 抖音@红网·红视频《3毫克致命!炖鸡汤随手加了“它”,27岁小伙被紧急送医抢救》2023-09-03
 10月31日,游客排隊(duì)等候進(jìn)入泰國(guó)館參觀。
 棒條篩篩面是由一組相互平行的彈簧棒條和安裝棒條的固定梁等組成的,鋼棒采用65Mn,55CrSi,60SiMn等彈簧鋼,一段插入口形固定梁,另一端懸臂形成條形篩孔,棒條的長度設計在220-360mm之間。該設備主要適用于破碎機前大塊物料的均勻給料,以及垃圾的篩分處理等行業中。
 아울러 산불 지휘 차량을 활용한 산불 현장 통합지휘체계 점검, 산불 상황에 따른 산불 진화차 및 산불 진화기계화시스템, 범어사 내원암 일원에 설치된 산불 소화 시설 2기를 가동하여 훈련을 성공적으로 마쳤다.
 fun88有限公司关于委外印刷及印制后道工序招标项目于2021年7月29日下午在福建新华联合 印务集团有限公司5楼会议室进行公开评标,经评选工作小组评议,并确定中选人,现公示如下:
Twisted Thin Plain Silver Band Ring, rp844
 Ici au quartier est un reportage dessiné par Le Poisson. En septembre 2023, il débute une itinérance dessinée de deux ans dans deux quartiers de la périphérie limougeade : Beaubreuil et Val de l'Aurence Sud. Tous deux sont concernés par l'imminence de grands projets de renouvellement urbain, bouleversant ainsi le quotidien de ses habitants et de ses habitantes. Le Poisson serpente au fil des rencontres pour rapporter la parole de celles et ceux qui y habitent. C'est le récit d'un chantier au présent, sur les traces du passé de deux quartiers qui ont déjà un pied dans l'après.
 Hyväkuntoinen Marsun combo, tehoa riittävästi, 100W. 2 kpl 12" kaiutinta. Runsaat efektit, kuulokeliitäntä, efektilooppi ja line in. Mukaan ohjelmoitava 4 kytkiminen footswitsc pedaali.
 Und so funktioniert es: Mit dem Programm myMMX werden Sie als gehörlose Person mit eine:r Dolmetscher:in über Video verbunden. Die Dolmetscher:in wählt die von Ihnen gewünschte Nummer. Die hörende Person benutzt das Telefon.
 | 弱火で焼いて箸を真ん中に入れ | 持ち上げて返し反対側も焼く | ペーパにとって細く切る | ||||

▶ _TASK REQUIREMENTS_: Set down, exactly as they stand above, the lines starting with the line with "fun88有限公司关于委外印" and going on through the line with "Twisted Thin Plain Silver Band Ring, rp844", and no others.

▶ _OUTPUT OF THE TASK_:
 fun88有限公司关于委外印刷及印制后道工序招标项目于2021年7月29日下午在福建新华联合 印务集团有限公司5楼会议室进行公开评标,经评选工作小组评议,并确定中选人,现公示如下:
Twisted Thin Plain Silver Band Ring, rp844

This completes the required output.